Omitting every picture, output the records below exactly, please.

Given data section start

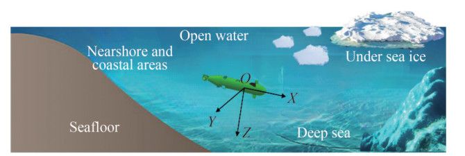 ROVs are unmanned underwater robots that are controlled by an operator aboard a vessel or onshore (Nitonye et al., 2021). ROVs are typically tethered to the surface by an umbilical cable that provides power and allows for realtime control and data transmission. ROVs are equipped with cameras, sensors, and various tools to perform tasks such as inspection, maintenance, and repair of underwater structures, exploration, scientific research, and military operations. AUVs are robotic devices equipped with integrated computers that facilitate independent operation and navigation, free from external command or human piloting. They are distinguished by their prolonged operational endurance, high efficiency, and extensive survey range. AUVs are deployed in four typical working environments: open water, under ice, nearshore and coastal areas, and deep sea, as shown in Figure 1. Given its ability to navigate autonomously beneath the water's surface and its versatility in accommodating customizable payloads, AUV emerges as an optimal instrument for a diverse array of purposes, including underwater archaeology, military applications, and oceanographic observations (Brito et al., 2010). AUVs are capable of operating in a diverse range of underwater contexts, from open ocean to coastal proximities. Their operational scope is broadening to include more challenging non-benign environments, such as areas beneath sea ice or along rugged coastlines, which inherently increases the potential risk of AUV loss (Brito et al., 2012). ROVs don't rely on battery power but are connected to surface vessels by umbilical cables, thereby avoiding mission interruptions caused by battery failures. Additionally, ROVs are controlled in real-time by operators on the surface, allowing for rapid adjustments and problem-solving in the event of unexpected situations. This human intervention significantly enhances the success rate of missions and the safety of the equipment. In contrast, AUVs rely on battery power, making success rate and equipment safety dependent on battery performance. Although AUVs have greater autonomy since they are not limited by the umbilical cable length or the mother ship's position, their communication capabilities are limited when operating underwater. This limitation prevents operators or monitoring teams from promptly obtaining status information, thereby increasing the risks AUVs face in complex environments and reducing their reliability to a certain extent.
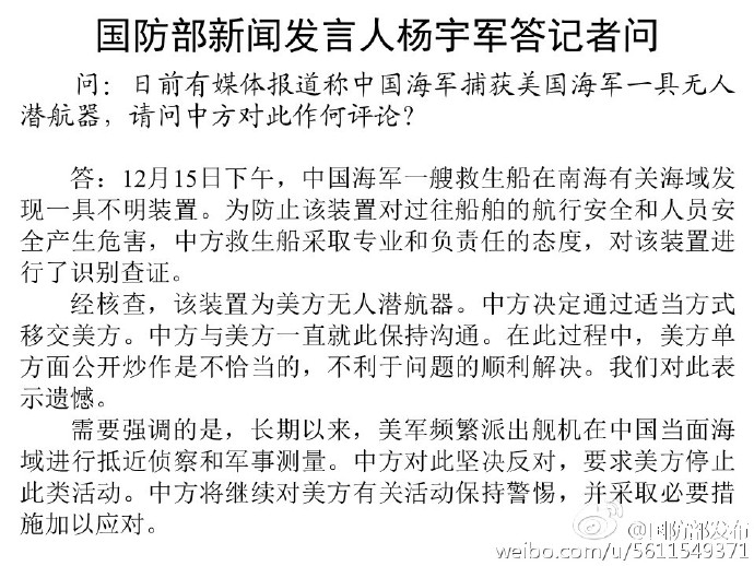 国防部新闻发言人杨宇军答记者问:日前有媒体报道称中国海军捕获美国海军一具无人潜航器,请问中方对此作何评论?
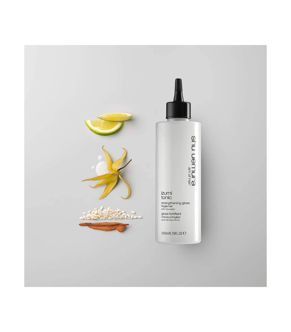 Izumi Tonic Strengthening Gloss — лёгкий лустирующий уход с эффектом «стеклянного» блеска, созданный для хрупких, ослабленных волос. Средство вдохновлено японским ритуалом yu-su-ru — традицией ополаскивания волос рисовой водой, и помогает быстро преобразить длину: сделать её более гладкой, дисциплинированной и сияющей.
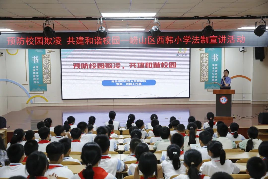 为进一步增强青少年的法治意识和自我保护能力,近日,青岛市崂山区人民检察院“青葵·未检”团队的检察官们走进崂山七中和崂山区西韩小学,开展了一系列精彩纷呈的预防校园欺凌和远离毒品主题讲座。
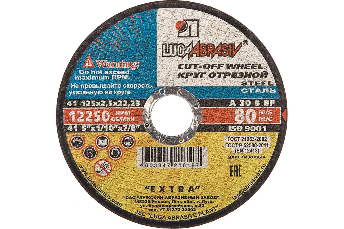 Диск отрезной по металлу 125х22х2,5 мм, А30 Луга D11001252225000 оптимально подойдет для резки металлоконструкций и изделий.
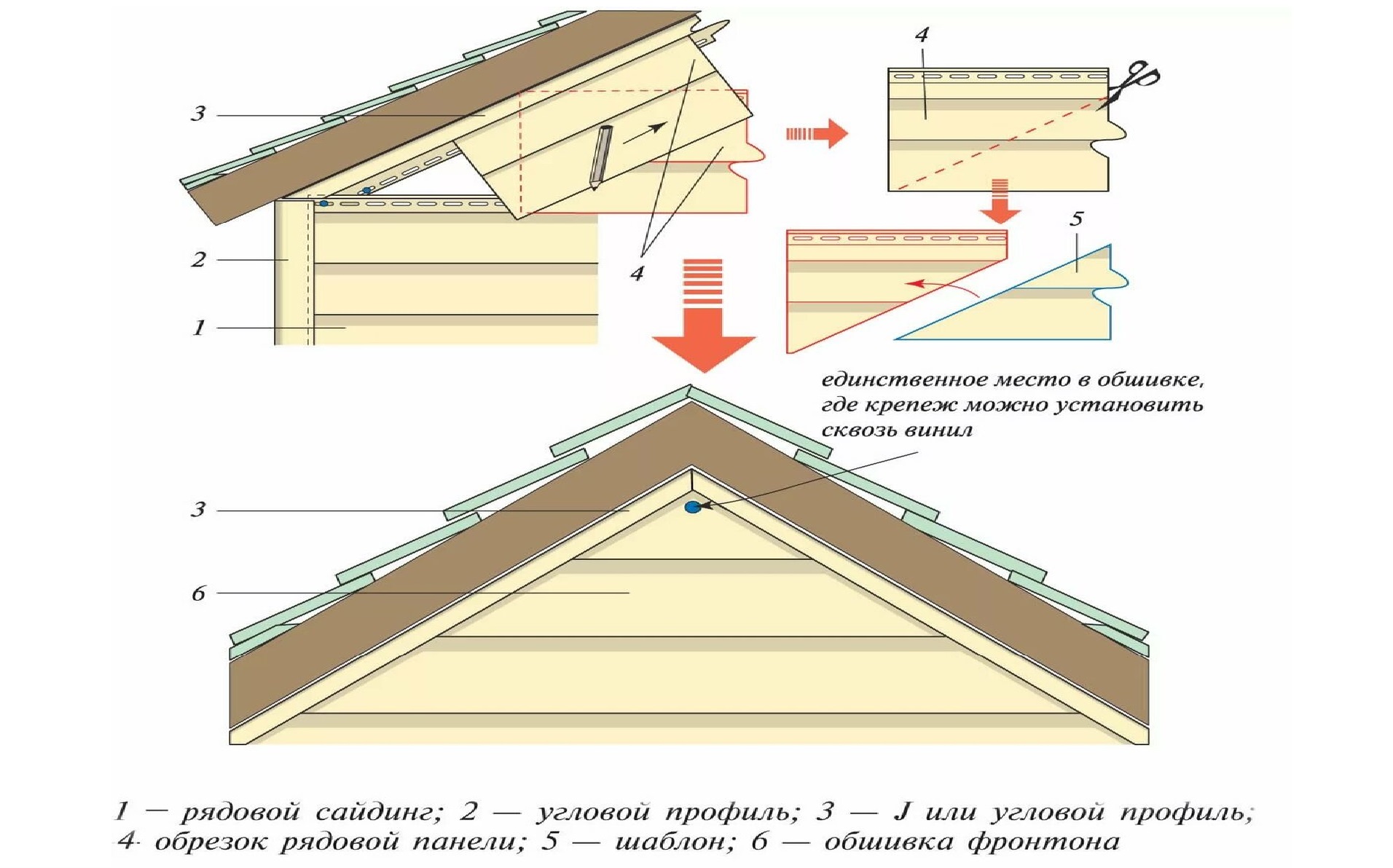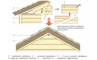 Un profilé en J est placé sur les côtés inclinés ; pour plus de fiabilité, il est fixé après 200 - 300 mm. Si des panneaux courts sont utilisés, ils sont pré-posés les uns sur les autres pour assurer l'assemblage. Coupez ensuite en biais par rapport à la forme du fronton. Toutes les 2 bandes suivantes sont mesurées après l'installation des bandes sous-jacentes.
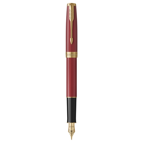 Questa penna stilografica è un'espressione classica di stile raffinato. Sonnet è il simbolo dell'eleganza Parker per tutti. Con una vasta gamma di design, ogni dettaglio è abilmente realizzato per conferire raffinatezza ad ogni occasione di scrittura. Puoi ricaricare questa penna stilografica con cartucce d'inchiostro Parker o inchiostro Parker in bottiglia. Una moderna vernice rosso intenso, che gioca con i riflessi della luce. Completato con finiture rifinite in oro e un pennino in acciaio inossidabile con finitura dorata. Fornita in una confezione regalo premium Parker. Questa penna stilografica è dotata di pennino di dimensione fine. Una cartuccia di inchiostro inclusa in colore nero e un convertitore di inchiostro.
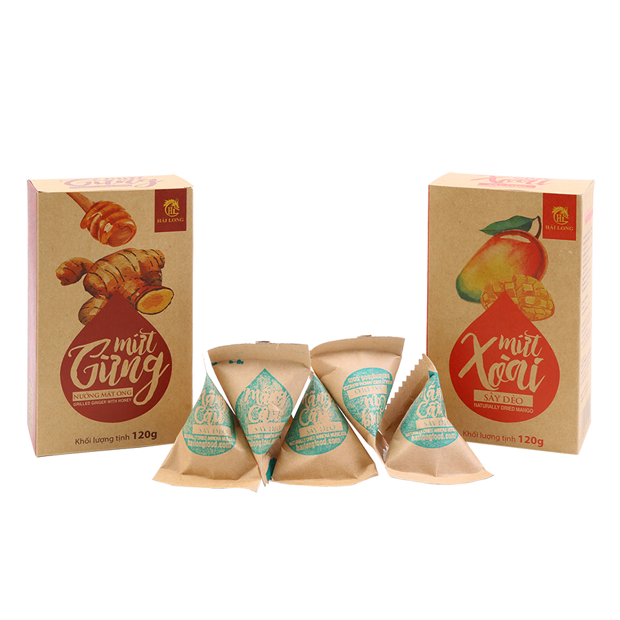 Combo Sen Sấy Gừng Mật Ong Hải Long (230g) + Mãng Cầu Sấy Dẻo Hải Long (120g) với nguyên liệu tự nhiên, chế biến truyền thống mang lại hương vị thơm ngon hấp dẫn, phù

Given data section end

▶ Result
 ROVs are unmanned underwater robots that are controlled by an operator aboard a vessel or onshore (Nitonye et al., 2021). ROVs are typically tethered to the surface by an umbilical cable that provides power and allows for realtime control and data transmission. ROVs are equipped with cameras, sensors, and various tools to perform tasks such as inspection, maintenance, and repair of underwater structures, exploration, scientific research, and military operations. AUVs are robotic devices equipped with integrated computers that facilitate independent operation and navigation, free from external command or human piloting. They are distinguished by their prolonged operational endurance, high efficiency, and extensive survey range. AUVs are deployed in four typical working environments: open water, under ice, nearshore and coastal areas, and deep sea, as shown in Figure 1. Given its ability to navigate autonomously beneath the water's surface and its versatility in accommodating customizable payloads, AUV emerges as an optimal instrument for a diverse array of purposes, including underwater archaeology, military applications, and oceanographic observations (Brito et al., 2010). AUVs are capable of operating in a diverse range of underwater contexts, from open ocean to coastal proximities. Their operational scope is broadening to include more challenging non-benign environments, such as areas beneath sea ice or along rugged coastlines, which inherently increases the potential risk of AUV loss (Brito et al., 2012). ROVs don't rely on battery power but are connected to surface vessels by umbilical cables, thereby avoiding mission interruptions caused by battery failures. Additionally, ROVs are controlled in real-time by operators on the surface, allowing for rapid adjustments and problem-solving in the event of unexpected situations. This human intervention significantly enhances the success rate of missions and the safety of the equipment. In contrast, AUVs rely on battery power, making success rate and equipment safety dependent on battery performance. Although AUVs have greater autonomy since they are not limited by the umbilical cable length or the mother ship's position, their communication capabilities are limited when operating underwater. This limitation prevents operators or monitoring teams from promptly obtaining status information, thereby increasing the risks AUVs face in complex environments and reducing their reliability to a certain extent.
 国防部新闻发言人杨宇军答记者问:日前有媒体报道称中国海军捕获美国海军一具无人潜航器,请问中方对此作何评论?
 Izumi Tonic Strengthening Gloss — лёгкий лустирующий уход с эффектом «стеклянного» блеска, созданный для хрупких, ослабленных волос. Средство вдохновлено японским ритуалом yu-su-ru — традицией ополаскивания волос рисовой водой, и помогает быстро преобразить длину: сделать её более гладкой, дисциплинированной и сияющей.
 为进一步增强青少年的法治意识和自我保护能力,近日,青岛市崂山区人民检察院“青葵·未检”团队的检察官们走进崂山七中和崂山区西韩小学,开展了一系列精彩纷呈的预防校园欺凌和远离毒品主题讲座。
 Диск отрезной по металлу 125х22х2,5 мм, А30 Луга D11001252225000 оптимально подойдет для резки металлоконструкций и изделий.
 Un profilé en J est placé sur les côtés inclinés ; pour plus de fiabilité, il est fixé après 200 - 300 mm. Si des panneaux courts sont utilisés, ils sont pré-posés les uns sur les autres pour assurer l'assemblage. Coupez ensuite en biais par rapport à la forme du fronton. Toutes les 2 bandes suivantes sont mesurées après l'installation des bandes sous-jacentes.
 Questa penna stilografica è un'espressione classica di stile raffinato. Sonnet è il simbolo dell'eleganza Parker per tutti. Con una vasta gamma di design, ogni dettaglio è abilmente realizzato per conferire raffinatezza ad ogni occasione di scrittura. Puoi ricaricare questa penna stilografica con cartucce d'inchiostro Parker o inchiostro Parker in bottiglia. Una moderna vernice rosso intenso, che gioca con i riflessi della luce. Completato con finiture rifinite in oro e un pennino in acciaio inossidabile con finitura dorata. Fornita in una confezione regalo premium Parker. Questa penna stilografica è dotata di pennino di dimensione fine. Una cartuccia di inchiostro inclusa in colore nero e un convertitore di inchiostro.
 Combo Sen Sấy Gừng Mật Ong Hải Long (230g) + Mãng Cầu Sấy Dẻo Hải Long (120g) với nguyên liệu tự nhiên, chế biến truyền thống mang lại hương vị thơm ngon hấp dẫn, phù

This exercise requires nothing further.